- Studio albums: 6
- EPs: 5
- Live albums: 1
- Compilation albums: 4
- Singles: 15
- Music videos: 13

= The Twilight Sad discography =

The discography of Scottish rock band The Twilight Sad consists of six studio albums, four compilation albums, fifteen singles, and five extended plays (EPs). The band currently consists of James Graham (vocals, lyrics) and Andy MacFarlane (guitar, instrumentation, production). The Kilsyth-based band formed in 2003 and were signed to Fat Cat Records when Alex Knight, co-founder of the label, went to Glasgow to watch the band perform their third gig and signed them on the spot.

The band released their debut EP The Twilight Sad in November 2006 in the United States only, followed by their debut album Fourteen Autumns & Fifteen Winters in April 2007, which garnered widespread critical acclaim. The album spawned two singles, "That Summer, at Home I Had Become the Invisible Boy" in April, and "And She Would Darken the Memory" in July. The following year, the band released Here, It Never Snowed. Afterwards It Did, a mini-album of reworked versions of songs from Fourteen Autumns & Fifteen Winters and two non-album tracks, inspired by stripped-down live performances. A collection of live versions and previously unreleased tracks entitled Killed My Parents and Hit the Road was released in December 2008.

The Twilight Sad's second studio album, Forget the Night Ahead, was released in September 2009 to further acclaim and marked a shift in the band's direction towards a darker and more streamlined sound. The album produced three singles: "I Became a Prostitute" in August 2009, "Seven Years of Letters" in October 2009, and "The Room" in April 2010. Founding bassist Craig Orzel left the band in February 2010, and the band released The Wrong Car EP in September of that year.

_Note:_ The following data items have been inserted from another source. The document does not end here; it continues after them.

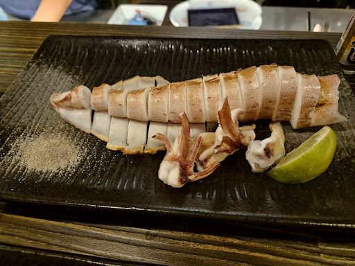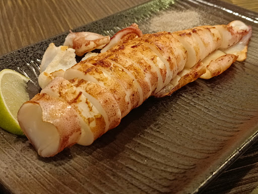 “豬肉櫛瓜卷”是櫛瓜切條狀以豬肉片卷裹後燒烤,燒烤時不抹調味料,烤後後灑上鹽和胡椒簡單調味而已。一份兩條,每條豬肉卷配合用餐人數切成三等份上桌。 豬肉片焦香微微酥脆的口感相當吸引人,裡面的櫛瓜條更是水嫩到小心爆汁燙嘴的程度。光是這兩道串燒就知道老闆對於燒烤火候的掌控相當出神入化。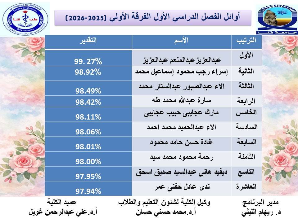 كلية طب قنا - حاصلة على الإعتماد والجودة 2021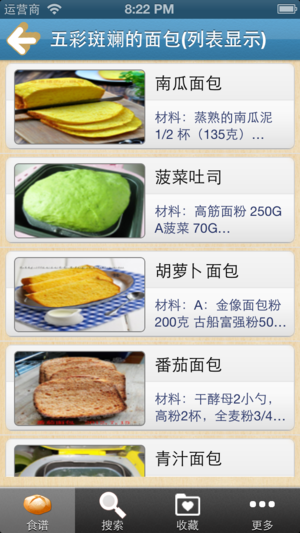 说到做面包,大家首先想到的就是繁杂的准备工作,购买食材,按比例称重,打发,揉面,等待发酵,真是费时有麻烦。作为上班族我们,哪里还有心情来弄这些呢?不过,现在有了面包机的出现,就算是零起点也能轻轻松松做面包。也正是因为绝对天然,不含防腐剂和添加剂才让自己制作的面包更加健康。 本软件精选了近150多种面包机烘焙面包的配方,包括材料配方和做法。不仅有各式的面包做法,还有使用面包机做蛋糕、甜甜圈风味主食(饺子、意大利面)等。 离线浏览,不用联网也可以浏览,速度快,无广告。

The Twilight Sad's third studio album, No One Can Ever Know, was released in February 2012 and marked another stylistic shift, with the band citing industrial music and krautrock influences for a darker, sparser sound. The album yielded two singles, "Sick" in November 2011 and "Another Bed" in February 2012 (both singles were released as limited edition 7" vinyl singles, with the non-album tracks "Untitled No. 67" and "A Million Ignorants", respectively); in addition to a collection of remixes entitled No One Can Ever Know: The Remixes, and a limited edition CD-R EP entitled N/O/C/E/K Tour EP, available only at select tour dates. In January 2014, the band released a free digital download and video of the band performing nine songs with the Royal Scottish National Orchestra, recorded live at Paisley Abbey in October 2013.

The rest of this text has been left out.